International Society for Industrial Ecology
- Formation: February 2001
- Type: Professional society
- Website: http://www.is4ie.org

= International Society for Industrial Ecology =

The International Society for Industrial Ecology (ISIE) is an international professional organization with the aim of promoting the development and application of industrial ecology. The ISIE supports the development and application of industrial ecology. It promotes the use of systems-based approaches to study the flows of materials and energy in society, with the aim of addressing sustainability challenges and supporting the transition toward a circular economy. The ISIE connects researchers, policymakers, engineers, and practitioners to facilitate the integration of environmental considerations into economic activities. Its mission includes advancing industrial ecology in areas such as research, education, public policy, and industrial practices.

==History==

The decision to found ISIE was made in January 2000 at the New York Academy of Sciences in a meeting devoted to industrial ecology attended by experts from diverse fields. The society formally opened its doors to membership in February 2001.

The origins of industrial ecology can be traced back to the late 18th century with early concerns about the relationship between population growth and resource limits, such as those expressed by Thomas Malthus. Over the following two centuries, influential concepts like the Tragedy of the Commons, Spaceship Earth, The Limits to Growth, and Sustainable Development shaped thinking on the environment and systems-level sustainability.

A significant milestone occurred in 1989 with the publication of an article by Robert Frosch and Nicholas E. Gallopoulos in Scientific American, titled "Strategies for Manufacturing". In the article, the authors proposed the idea of an "industrial ecosystem" where the use of materials and energy is optimized, waste and pollution are minimized, and all by-products have potential value. Their vision helped launch the field of industrial ecology and inspired a symposium by the U.S. National Academy of Sciences in the early 1990s that is often cited as a founding event for the discipline.

Around the same time, Thomas E. Graedel and Braden R. Allenby offered a widely used definition of industrial ecology, describing it as a systems-based approach to sustainability that seeks to optimize material and energy flows across the entire life cycle of products, from raw materials to disposal.

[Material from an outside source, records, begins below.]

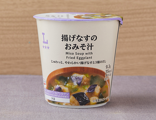 やわらかい揚げなすと3種のだしが楽しめるおみそ汁です。
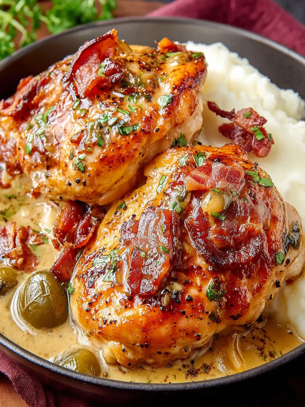 • Creamy Mashed Potatoes: The smooth texture of buttery mashed potatoes pairs beautifully with the savory chicken and its luscious sauce. A little garlic and a sprinkle of herbs add extra charm.
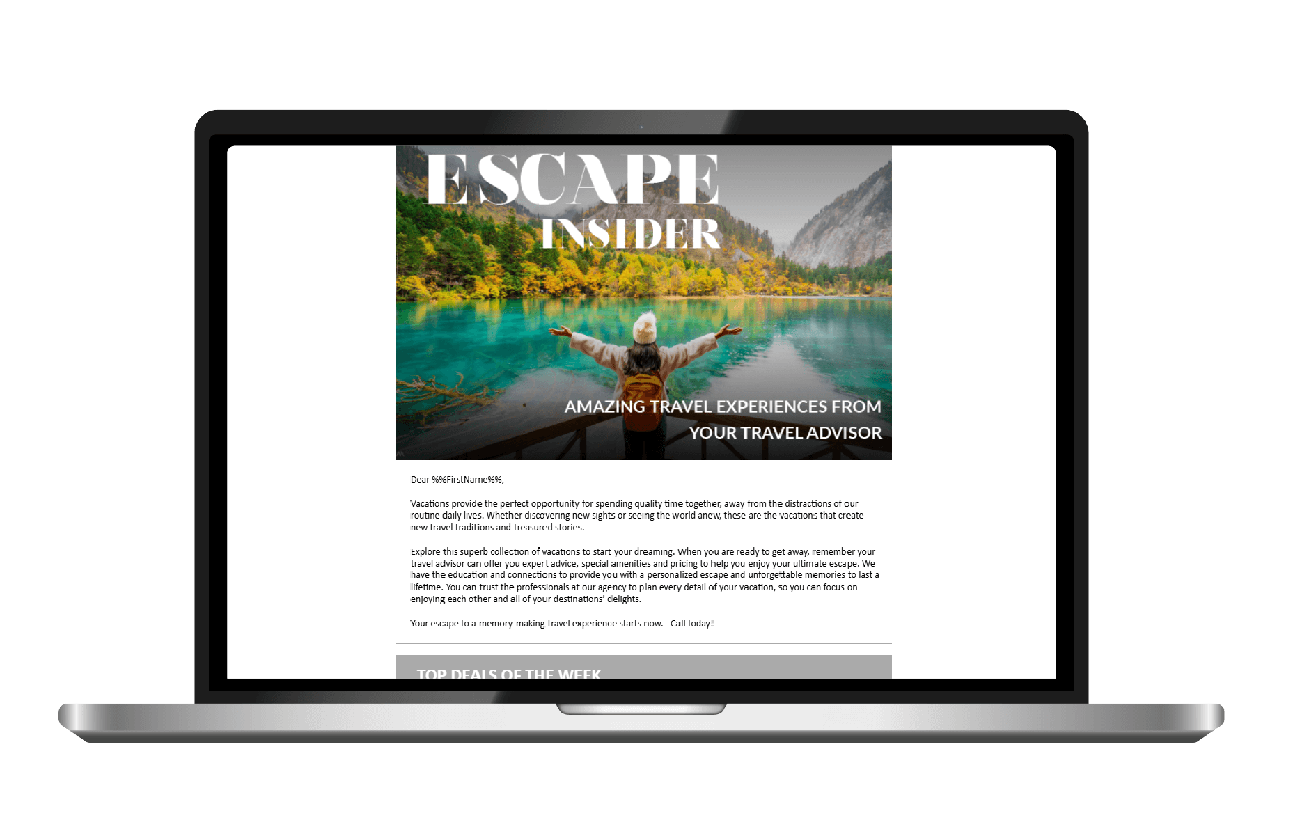 Escape Insider is Nexion Travel Group’s multi-supplier, tactical consumer email that is sent by Nexion Travel Group on a monthly basis on behalf of members who are part of the ENGAGEMENT MARKETING PROGRAM. This is FREE marketing that is part of your Nexion Travel Group membership!
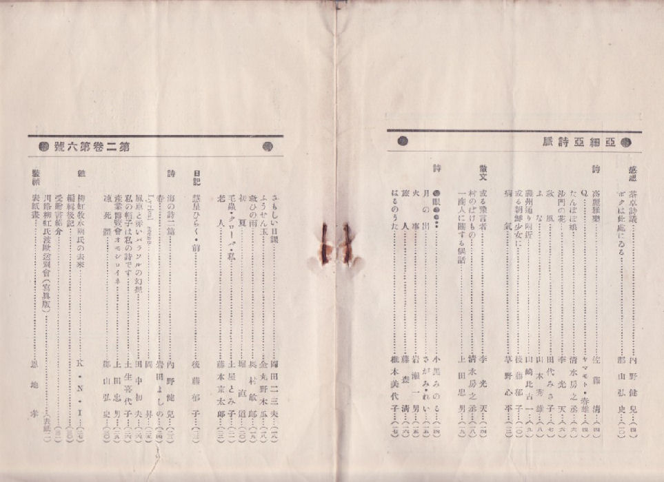 第二巻第六號昭和2年8月1日 亞細亞詩脈協會発行(京城) 定価20銭 菊判 32頁 編輯兼発行人:内野健兒 装幀:恩地孝四郎
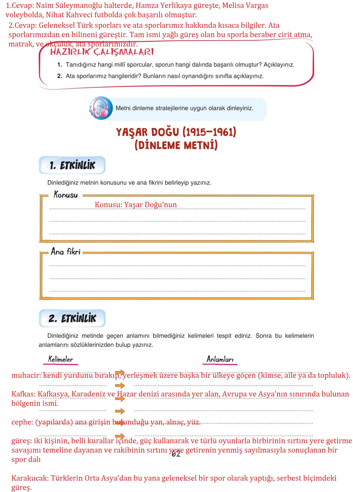 7.sınıf türkçe ders kitabı dörtel yayınları sayfa 62 cevap anahtarı cevabı sayfa olarak çözümlerini yanıtları sizler için sunduk. Tüm ders kitabı cevapları gelecek yıl yine sitemizde olacak.
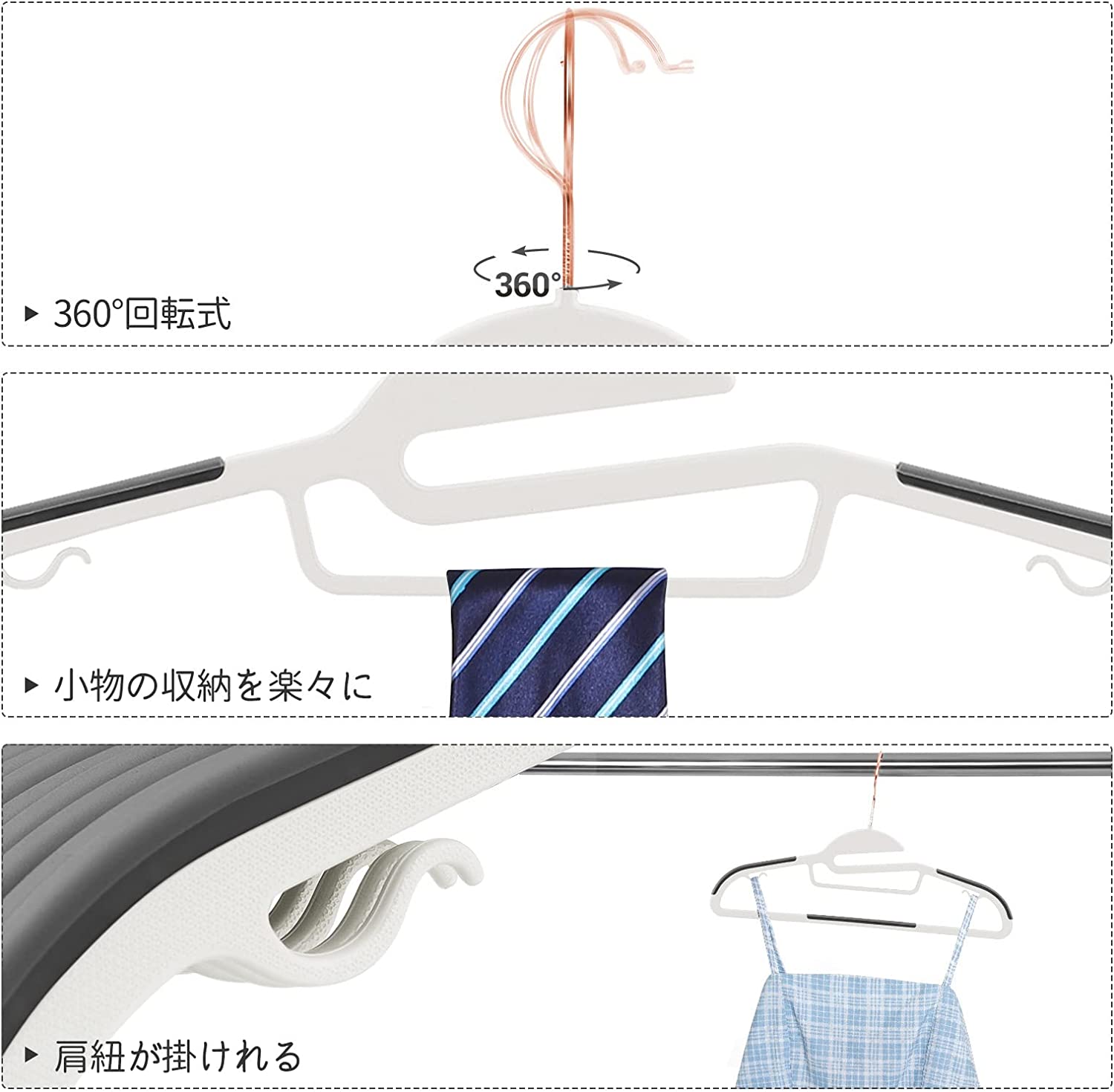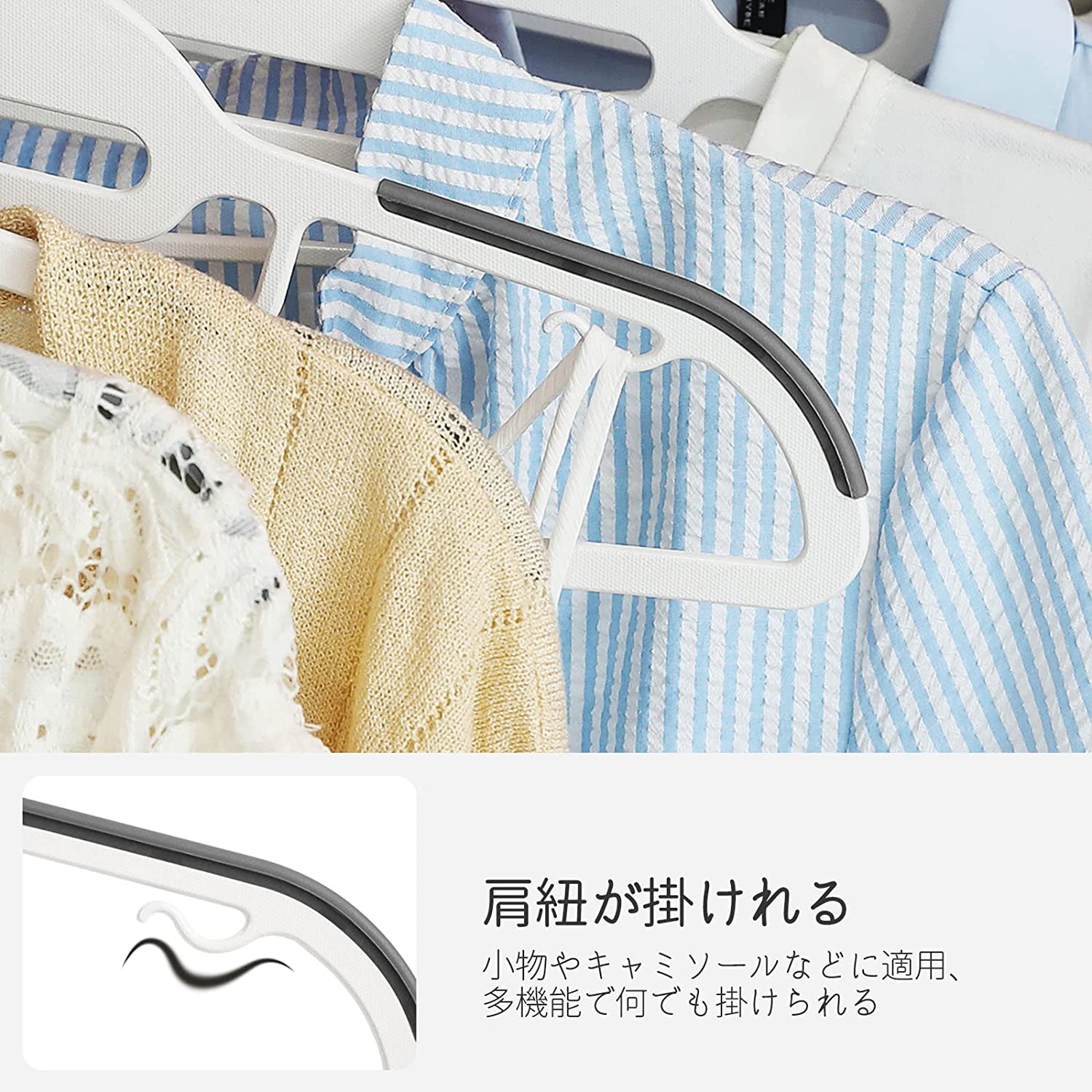 【多機能ハンガー】首元の切込みにはネクタイやスカーフがかけられ、ハンガーの内側のひも用フックで、キャミソール・ズボンなどもかけられます。またフックは360度回転可能、場に応じて角度調整できる実用性たっぷりです。外干しOKな両用可能のハンガーで、衣類ハンガーや洗濯ハンガーを統一して使う事ができます
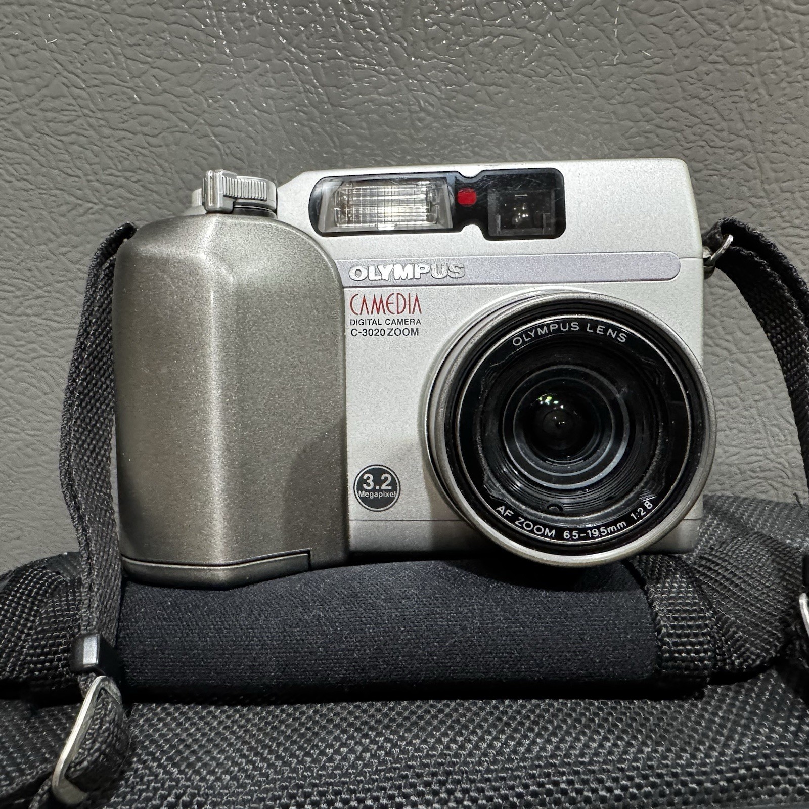 Vtg Olympus C-3020 Zoom 3.2MP Silver Digital Camera Case Tested Works

Throughout the 1990s, industrial ecology evolved through academic initiatives in Europe, North America, and Asia. The field's growing visibility was marked by Gordon Research Conferences and dedicated sessions at scientific meetings. In 1997, the Journal of Industrial Ecology was established, becoming a key academic outlet for the field. It is published by Yale University's Center for Industrial Ecology in collaboration with the Norwegian University of Science and Technology (NTNU) and Tsinghua University.

In 2003, NTNU launched the first doctoral program in industrial ecology, followed by a master's program in 2004. Leiden University and Delft University of Technology jointly began offering a master’s degree in industrial ecology in 2005. Today, industrial ecology is taught globally through dedicated degree programs or integrated into environmental engineering and interdisciplinary curricula.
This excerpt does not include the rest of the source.